Just from skimming some of the relevant docs (not having written a
driver for Apache Ignite before), some thoughts:
* It does indeed look like there is enough info, both as documentation
and example code, to write codecs and drivers for Ignite
* The formats and protocols look rather baroque, with significant
historical baggage -- it's going to take quite a bit of work to get
a fully compliant driver, though it does look like a smaller subset
could be built to match just a particular need
* There is a strong Java flavor to everything; there is some impedance
mismatch with Raku (such as the Char array
<https://ignite.apache.org/docs/latest/binary-client-protocol/data-format#char-array>
type, which is an array of UTF-16 code units that doesn't
necessarily contain valid decodeable text)
* There seems to be a contention in the design between desire to
support a schema-less/plain-data mode and a schema/object mode; Raku
easily has the metaobject protocol chops to make the latter possible
without invoking truly deep magic, but it does require somewhat more
advanced knowledge to write
So in short: It looks doable, but quite a fair chunk of work depending
on how complete you need it to be, and some decisions need to be made
about how pedantically to support their Java-flavored APIs.
On 1/3/22 7:39 PM, Piper H wrote:
Glad to hear these suggestions, @Geoffery.
I also have a question, this product has a clear binary protocol, do
you know how to port it to perl or perl6?
https://ignite.apache.org/docs/latest/binary-client-protocol/binary-client-protocol
I was using their python/ruby clients, but there is not a perl version.
Thanks.
Piper
On Tue, Jan 4, 2022 at 11:15 AM Geoffrey Broadwell <g...@sonic.net
<mailto:g...@sonic.net>> wrote:
I love doing binary codecs for Raku[1]! How you approach this
really depends on what formats and protocols you want to create
Raku modules for.
The first thing you need to be able to do is test if your codec is
correct.

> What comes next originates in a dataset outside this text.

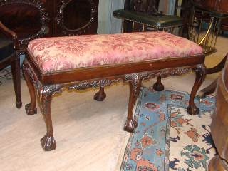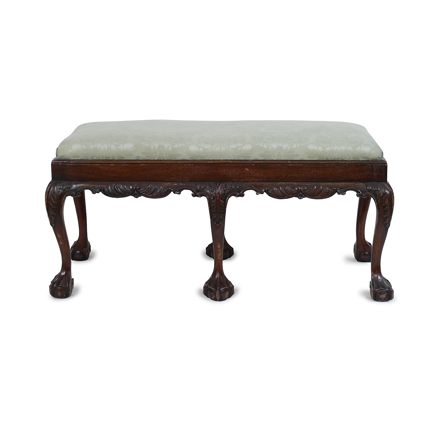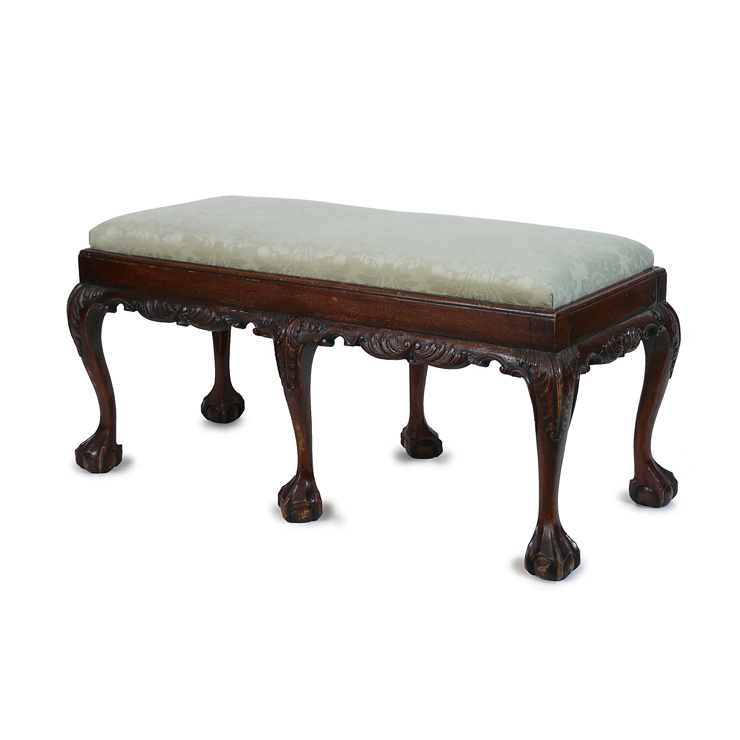 GEORGIAN STYLE DUET STOOL CARVED MAHOGANY SIX LEG WITH PALE GREEN DAMASK UPHOLSTERY

It is notoriously easy to make a tiny mistake in a
protocol implementation and (especially for binary protocols) miss
it entirely because it only happens in certain edge cases.
If the format or protocol in question is open and has one or more
public test suites, you're in good shape. Raku gives a lot of
power for refactoring tests to be very clean, and I've had good
success doing this with several formats.
If there is no public test suite, but you can find RFCs or other
detailed specs, you can often bootstrap a bespoke test suite from
the examples in the spec documents. Failing that, sometimes you
can find sites (even Wikipedia, for the most common formats) that
have known-correct examples to start with, or have published
reverse engineering of files or captured data.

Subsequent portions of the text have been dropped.